Learning an Optimal Transport Brenier Map
- With: Félix FOURREAU
- Ressources: Report / slides / Code
- When: 2025
- Associated to: MVA
- Category: Research, Generative Models, Optimal Transport
Project description
This group project’s goal was to investigate Monotone Gradient Networks. Under some mild assumptions assumptions, these networks have been shown to be universal approximators of gradients of convex functions. These architecture’s are motivated by the Brenier Theorem, in optimal transport:
Consider Monge’s OT problem:
\[\inf_{T:\, T_\# p_X = p_Y} \mathbb{E}_{x\sim p_X}\left[c\bigl(x,T(x)\bigr)\right]\]where \(T_\# p_X = p_Y\) denotes that the mapping $T$ pushes forward the source measure $p_X$ onto the target measure $p_Y$ and $c$ is a cost function (typically, the squared Euclidean distance). When $c(x,y)=|x-y|^2$, Brenier’s Theorem guarantees that, under mild conditions, the unique optimal transport map is characterized by being the gradient of a convex function:
\[T(x) = \nabla \varphi(x) \quad \text{for } p_X\text{-almost every } x.\]This result motivates learning the gradient directly from data when an explicit convex potential is difficult to construct.

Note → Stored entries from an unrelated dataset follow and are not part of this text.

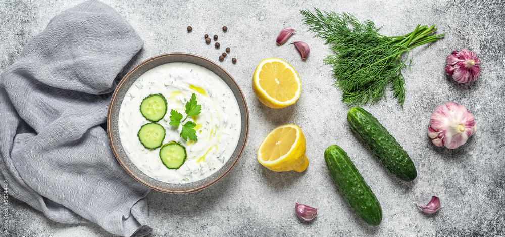 Tzatziki sauce in a bowl with ingredients. Gray rustic background. Traditional Greek sauce made from yogurt and vegetables. Top view, flat lay. Banner
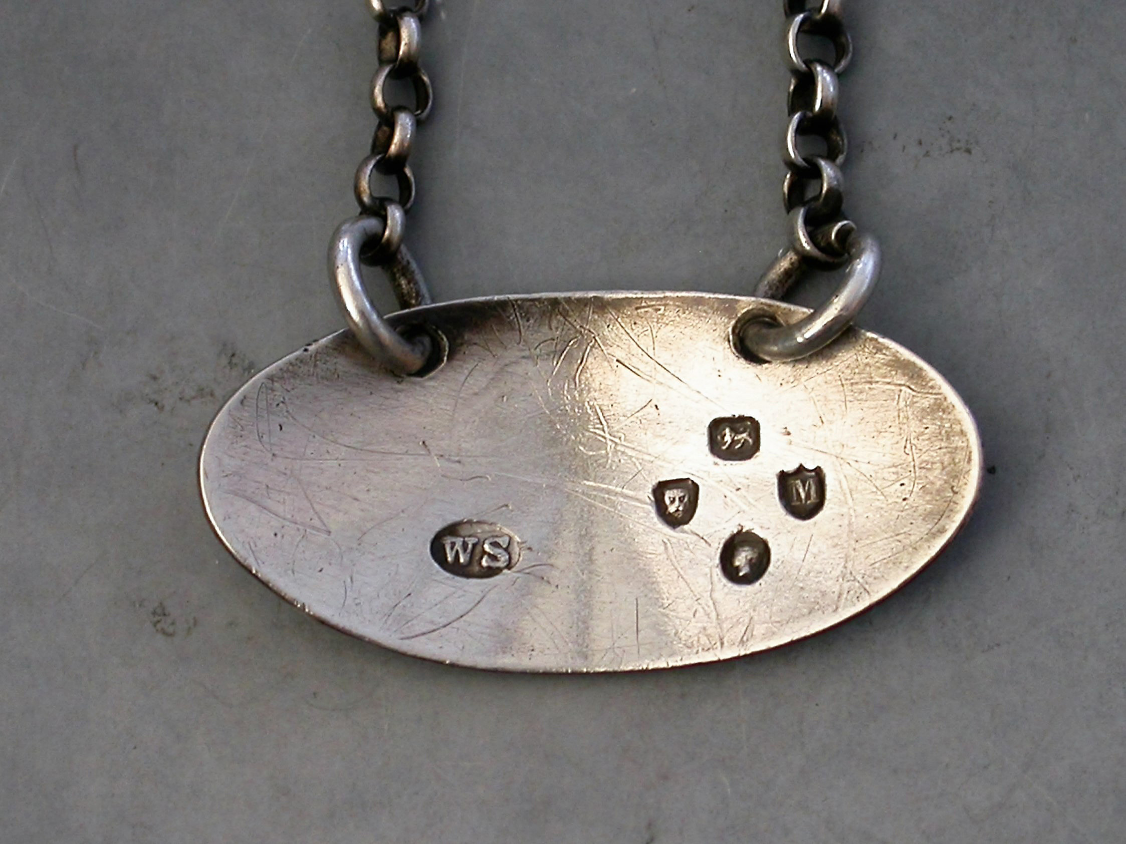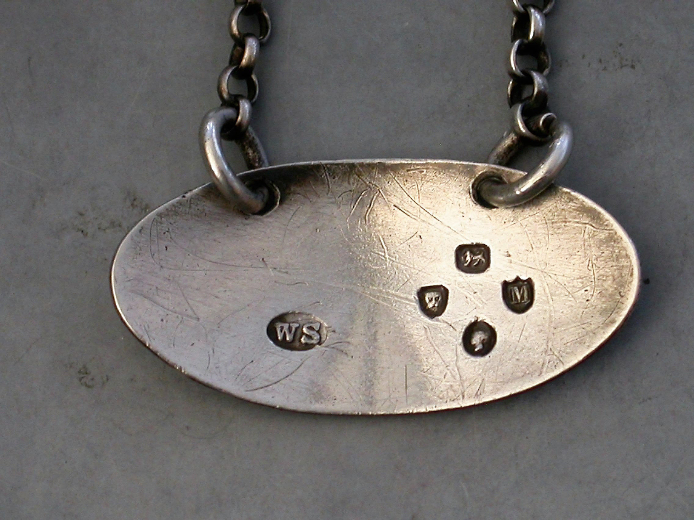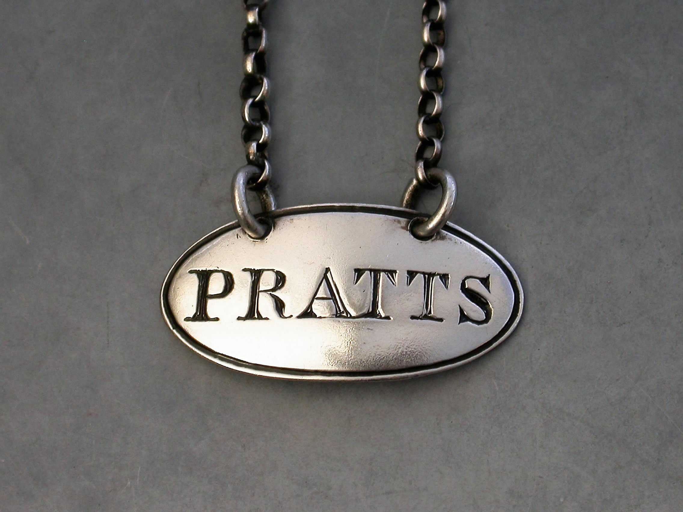 An extremely rare Victorian silver Sauce Label of plain oval form with signal reeded border, incised for Pratts.
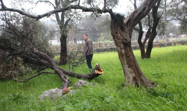 Muğla'nın Bodrum ilçesinde hortum nedeniyle 10'dan fazla zeytin ağacı zarar görürken, bir evin paneli de uçtu.
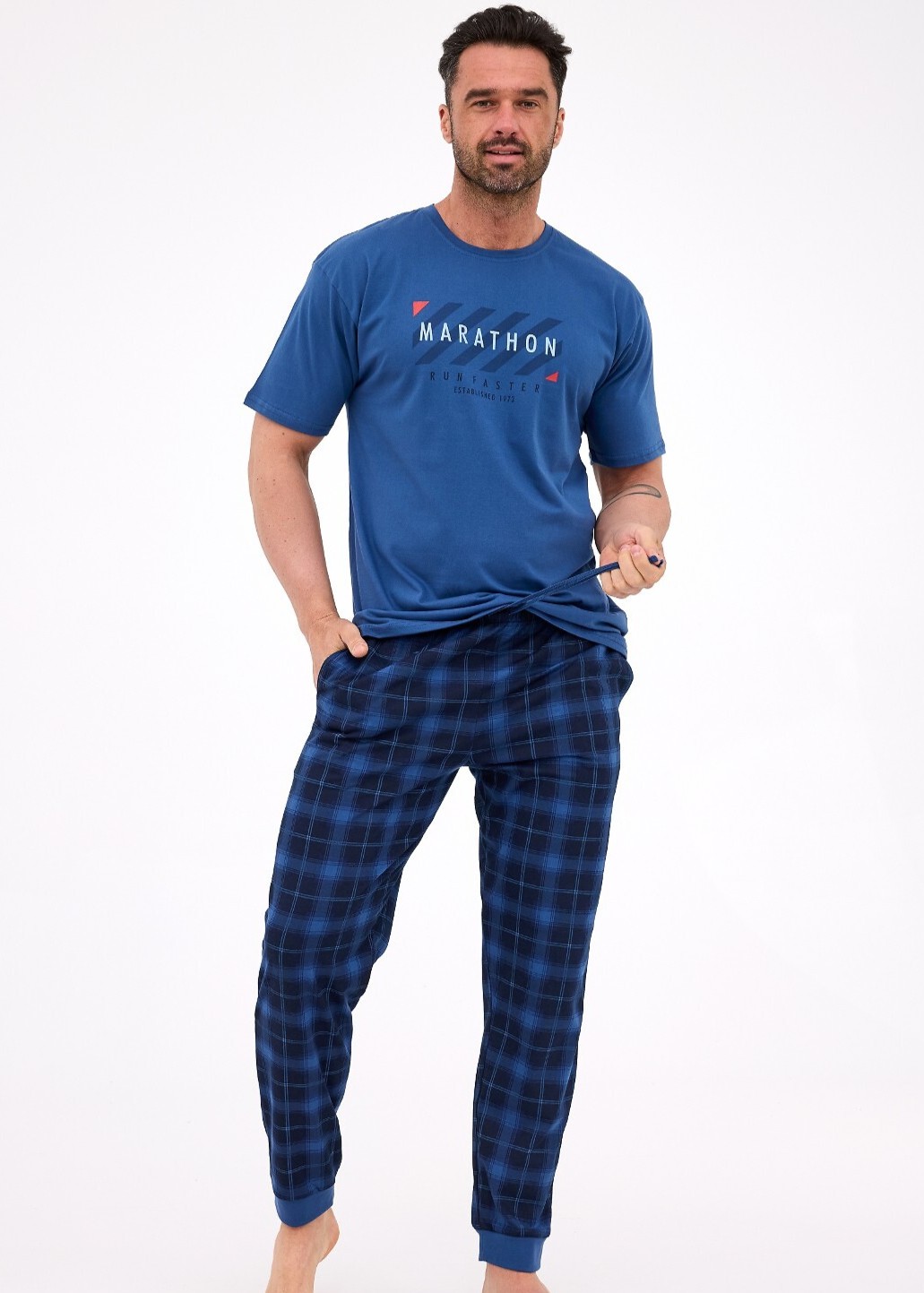 Чоловіча піжама KR 462/302 MARATHON 2 – сучасний комфорт та спортивний стиль. Чоловіча піжама MARATHON 2 – це функціональний та стильний комплект, виготовлений зі 100% високоякісної бавовни. Футболка з короткими рукавами та круглим вирізом прикрашена спортивним, барвистим принтом на грудях, що надає виробу динамічного характеру. Довгі штани в модний картатий візерунок мають практичні кишені, еластичні манжети та еластичний пояс зі шнурком для індивідуальної посадки. Це ідеальний вибір як для сну, так і для відпочинку вдома.
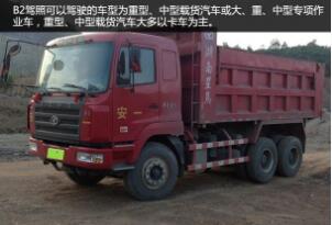 B2就是大型货车解释为可以驾驶重型、中型载货汽车;大、重、中型专项作业车,并包括小型汽车、小型自动挡汽车、低速载货汽车或者三轮汽车。
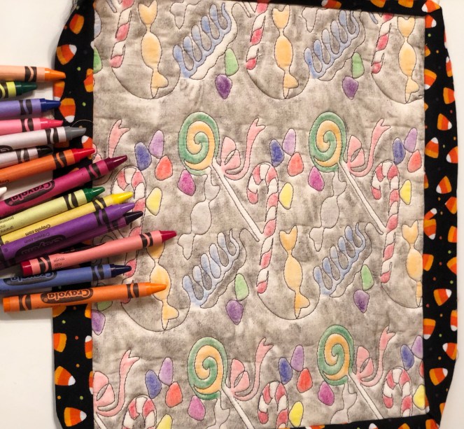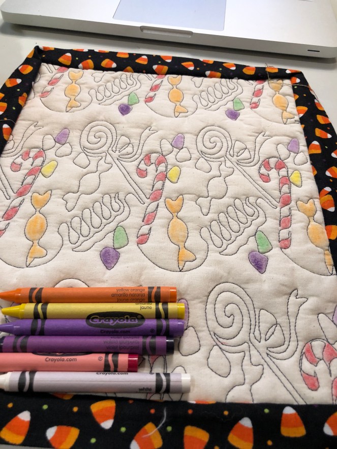 In order to mimic old-fashioned coloring book pages, I outlined the designs in black. I chose black 40 weight thread to stitch out three digital quilting designs. The plan was for my guests to color the mats with crayons then heat set the colors.
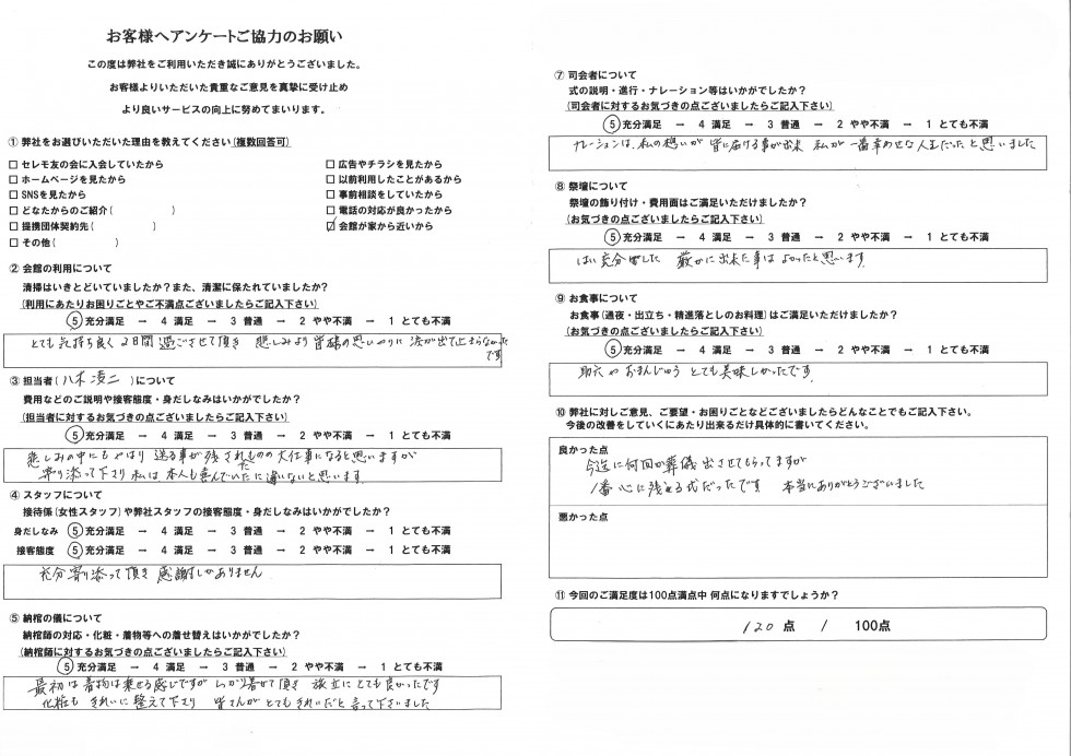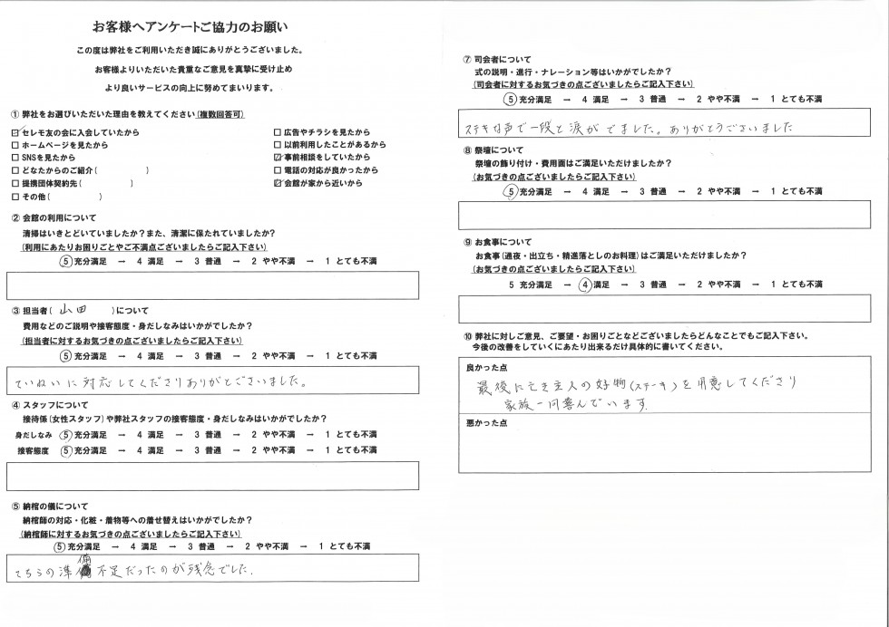 無知な我々にたくさんの事を教えてくださり、とても分かりやすかったですし、満足のいく葬儀にできた事感謝の気持ちでいっぱいです。
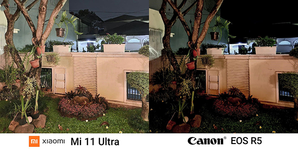 第二組照片的拍攝環(huán)境還是在夜間,在照片的亮度表現(xiàn)上,小米11 Ultra拍攝的照片整體亮度較高,無論是建筑物表面,還是院子內(nèi)部的草地,包括建筑物旁邊的花叢,都可以很清楚的辨認(rèn)出來,而且照片上方的建筑物和天空之間也是可以區(qū)分出來的。佳能EOS R5拍攝的照片中,亮度要比小米11 Ultra低不少,建筑物表面是亮的,但是院子內(nèi)部的花叢和樹干等部分難以區(qū)分。

Therefore, we implemented the M-MGN & C-MGN networks, and tested them on these tasks:
- Mapping one gaussian to another
- Mapping one GMM to another
- Mapping pixel distributions
- Learning a MNIST generative network
Moreover, we introcuced the use of two losses, that were not tested in the paper:
- Kullback-Leibler divergence
- Wasserstein distance approximation through the adversarial formulation (WGANs)
- We also experimented with Maximum Mean Discrepancy (MMD), similarly to MMD-GANs (but with a Monotone Gradient generator and a different source distribution)
We show promising results for low dimensional settings, but that the models severely lacks a sufficient complexity for learning generative networks in high-dimensional spaces.